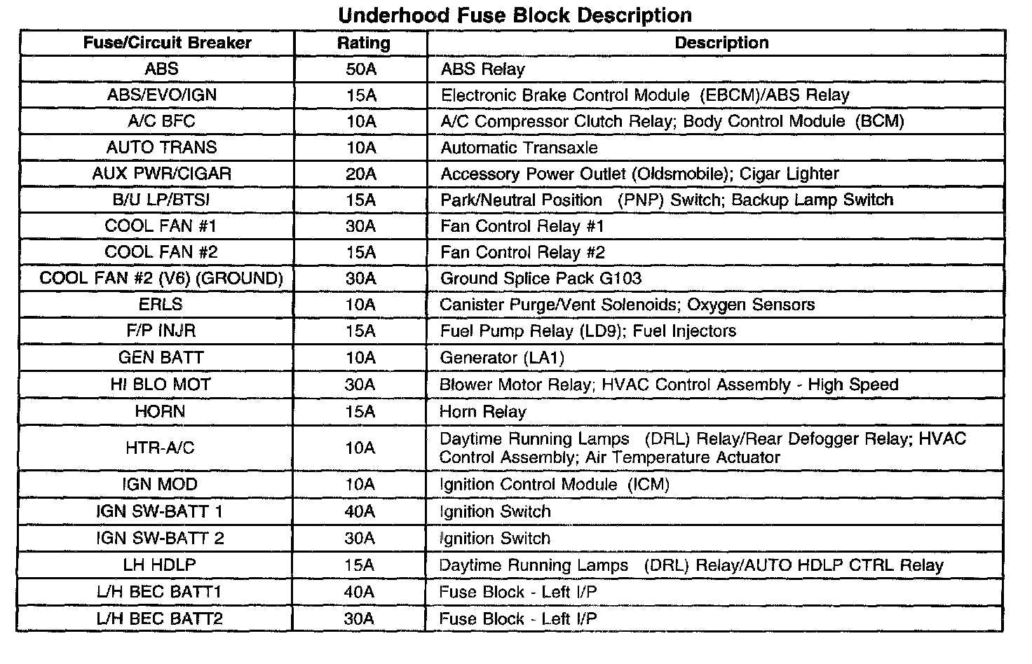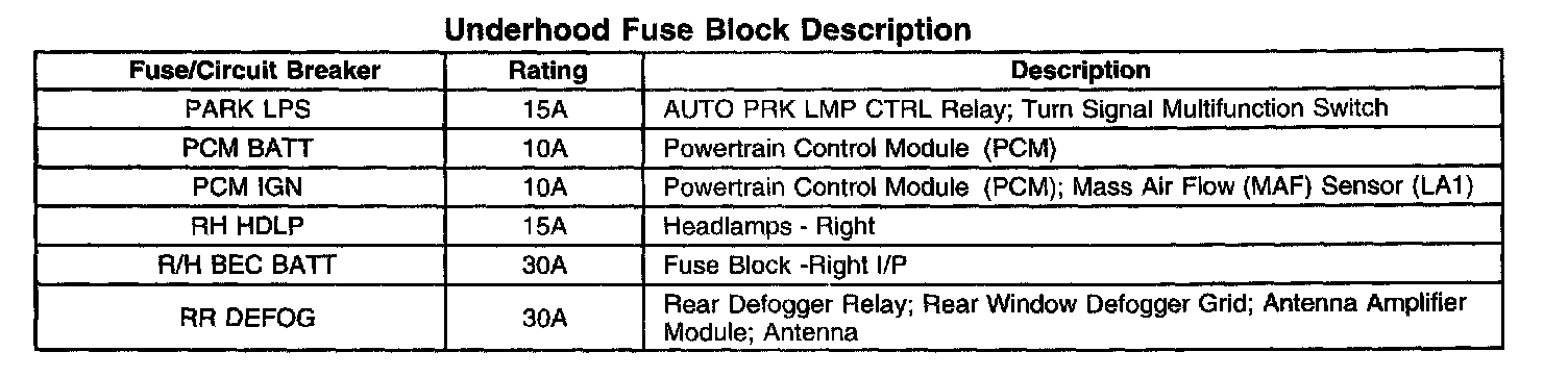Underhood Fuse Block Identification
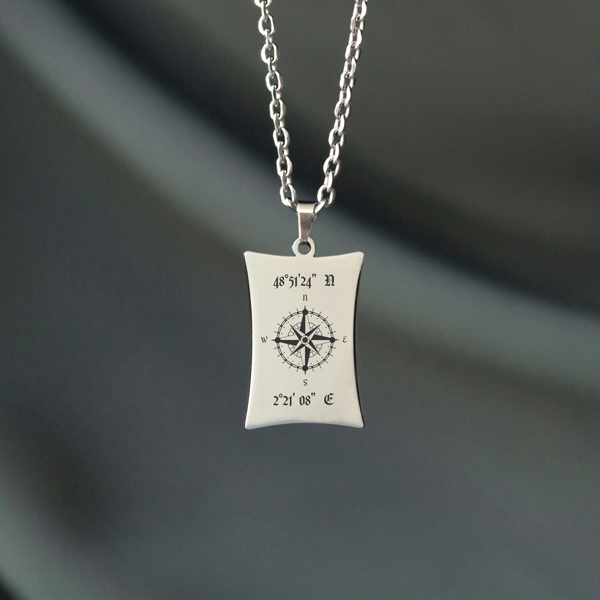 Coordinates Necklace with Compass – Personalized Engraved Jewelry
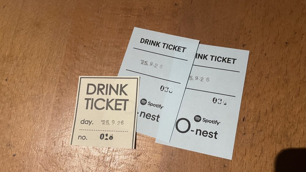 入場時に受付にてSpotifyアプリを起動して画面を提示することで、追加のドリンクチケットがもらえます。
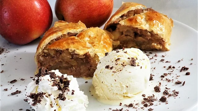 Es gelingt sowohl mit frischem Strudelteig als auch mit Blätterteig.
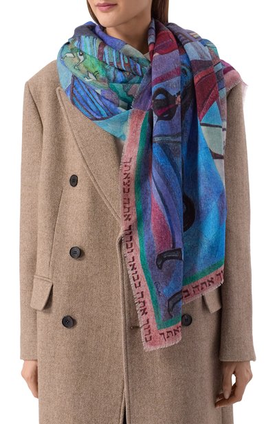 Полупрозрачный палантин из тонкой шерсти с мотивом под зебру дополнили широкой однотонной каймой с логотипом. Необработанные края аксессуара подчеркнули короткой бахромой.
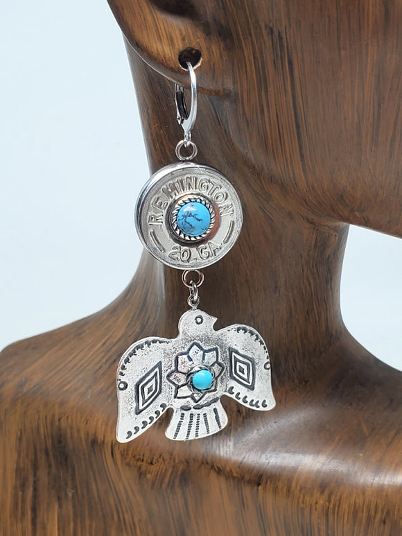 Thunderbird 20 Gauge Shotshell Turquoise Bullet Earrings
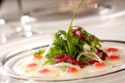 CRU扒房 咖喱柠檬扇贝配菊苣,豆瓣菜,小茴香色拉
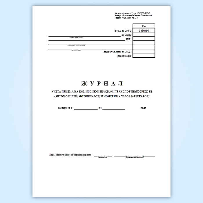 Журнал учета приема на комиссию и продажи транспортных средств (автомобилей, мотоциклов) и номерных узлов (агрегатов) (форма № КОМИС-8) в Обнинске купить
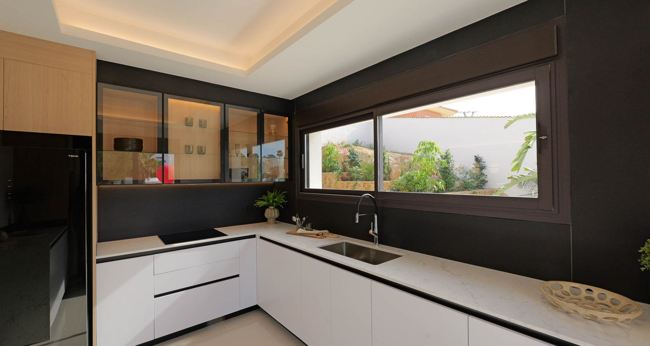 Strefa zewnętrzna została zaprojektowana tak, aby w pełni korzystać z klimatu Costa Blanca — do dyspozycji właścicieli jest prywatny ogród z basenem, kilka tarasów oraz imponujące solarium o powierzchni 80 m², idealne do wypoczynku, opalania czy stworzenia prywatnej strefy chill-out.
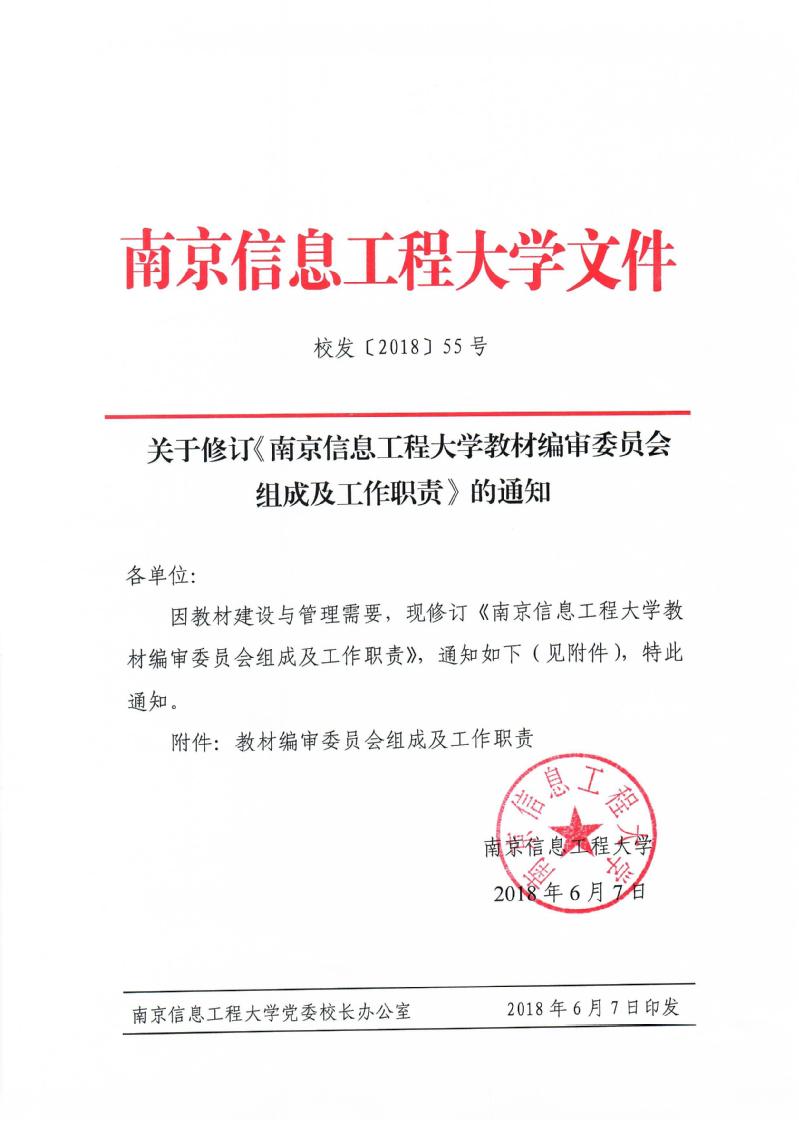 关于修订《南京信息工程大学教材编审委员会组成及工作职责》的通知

▸ **Work order**:
Copy out exactly, with no pictures, the lines of the data from the first one through the line bearing "Журнал учета приема".

▸ **Solution**:
Underhood Fuse Block Identification
 Coordinates Necklace with Compass – Personalized Engraved Jewelry
 入場時に受付にてSpotifyアプリを起動して画面を提示することで、追加のドリンクチケットがもらえます。
 Es gelingt sowohl mit frischem Strudelteig als auch mit Blätterteig.
 Полупрозрачный палантин из тонкой шерсти с мотивом под зебру дополнили широкой однотонной каймой с логотипом. Необработанные края аксессуара подчеркнули короткой бахромой.
 Thunderbird 20 Gauge Shotshell Turquoise Bullet Earrings
 CRU扒房 咖喱柠檬扇贝配菊苣,豆瓣菜,小茴香色拉
 Журнал учета приема на комиссию и продажи транспортных средств (автомобилей, мотоциклов) и номерных узлов (агрегатов) (форма № КОМИС-8) в Обнинске купить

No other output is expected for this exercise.